Image by Natalia Reis

“I would like to get rid of words like inclusion and say democratization. I’d like for us to get rid of words like diversity and say democratization.” – Ruby Sales

“We must demand a society that will not withhold from others that which we would not want withheld from ourselves.” – Dean Kelly Brown Douglas

“I want white evangelicals to stop talking about reconciliation and talk about justice and repair.” – Robert P. Jones

“I want to stand as a bulwark that things can be different, even in the most stalwart, white supremacist, bigoted families.” – Rev. Rob Lee

“Change is possible when we stop seeing others as needy and start seeing each other as necessary.” – Rev. Traci Blackmon

“Speaking truth to power isn’t only about taking on the President or the GOP, it’s also about taming the power of our own ego.” -Irshad Manji

Image by Richard Ha

“Too often, our acts of moral courage go unacknowledged—even by ourselves. We don’t realize the impact we have on others who observe us, and benefit from small mundane acts of resistance in the face of unimaginable daily horror.” – Wajarahat Ali

“I love my enemies for purely selfish reasons. It moves me toward a cure for the life-denying disease of returning hate for hatred. Love may lead to defeat. It may lead to death. But it will not let hatred have the final word.” – Dr. Miguel De La Torre

“White relatives, we’re not asking for a handout of charity. This [reparations] is an invitation—a lifeline to your own humanity and liberation.” – Edgar Villaneuva

“This is a time of reckoning and reconstruction, and policy is my love language. . . . There’s been hurt and harm legislated for generations. Long before our pandemic, our nation was already in crisis.” – Ayanna Pressley

Image by Manu Praba

“What would you do? What would you risk, if you truly saw no stranger? How will you fight with us? … It is the practice of a community, and we all have a different role in the work at any given time.” – Valarie Kaur

“Love is always asking: How do I tell this truth and still stay in relationship?” – Krista Tippett

“Think of how much change we leave on the table when we assume that the other will never see things from our point of view, so we must get in their face and humiliate them. Think of how much social change we may be leaving on the table.” – Irshad Manji

“There are so many awesome people in every political party, every demographic of age, sexuality, gender, etc. – these awesome people have GOT to find each other.” – Van Jones

“Racism is a putrid, festering hole in our nation’s soul, and that will only change when we have the courage to love a different way. That love must become an everyday spiritual practice, like flossing or brushing our teeth.” – Dr. Rev. Jacqui Lewis

Leave a comment
October 28, 2019

A Taste of “Team Human”

I just finished reading Douglas Ruskoff’s Team Human and found it very provocative and timely. As I find myself in more spaces where it feels like there is a tendency towards breaking as opposed to bridging, I and others with whom I work are asking, (1) What is really going on here? and (2) What we can do to better hold things together, while respecting diversity and difference? Team Human offers some insights by lifting up how the digital-age technologies in which many of us are engaged are making dangerously simplistic abstractions of our world (and of people) and appealing to the worst of our humanity.

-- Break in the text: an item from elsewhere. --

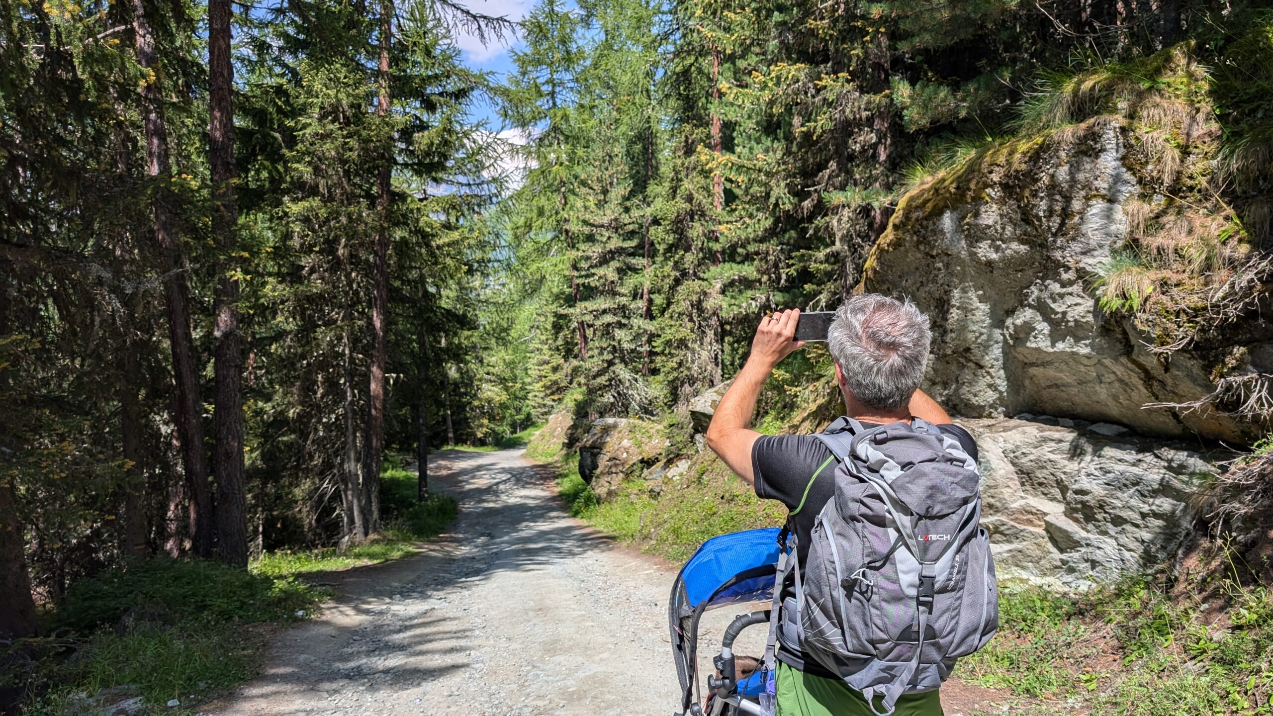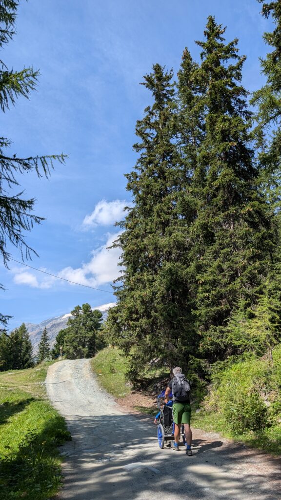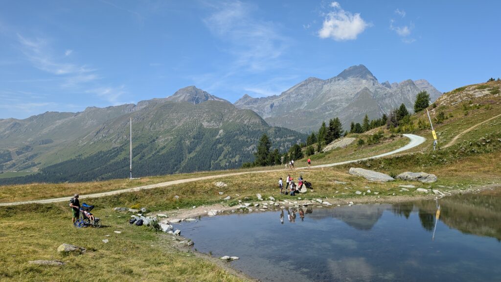 Na początek zbaczamy odrobinę z trasy, by zajrzeć nad Jezioro Żab. To dodatkowe 30–40 minut marszu pod górę, ale warto. Tafla jeziora odbijająca alpejskie niebo zostaje w pamięci na długo. Po drodze spotkaliśmy dużo starszych osób i rodzin z dziećmi, ale byliśmy jedyni z wózkiem. Trochę nas to kosztowało wysiłku, ale odpoczynek przy jeziorze wynagradza wszelkie trudy.

Rushkoff uses 100 aphoristic statements in what amounts to a manifesto that speaks to how forces for human connection have turned into ones of isolation and repression. This includes algorithms that constantly direct our attention to what outrages us and sound bite biased social media undermining democracy by encouraging people to spread incendiary partial and untruths (because they outrage us!).

The book is certainly a wake up call to understand the manipulation behind digital media and to go beyond false appearances and reductionist reactivity to embrace prosocial behavior and make contributions towards regenerative patterns and flows. I highly recommend the book and have pulled some of my favorite quotes, which you will find below:

“Whoever controls media controls society. … Social control is based on thwarting social contact and exploding the resulting disorientation and despair.

“Engineers at our leading tech firms and universities tend to see human beings as the problem and technology as the solution.”

[Under capitalism] “people are at best an asset to be exploited, and at worst a cost to be endured.”

“We’ve got a greater part of humanity working on making our social media feeds more persuasive than we have on making clean water more accessible.”

“The internet reinforces its core element : the binary. It makes us take sides.”

“Memetic warfare, regardless of the content, discourages cooperation, consensus, or empathy.”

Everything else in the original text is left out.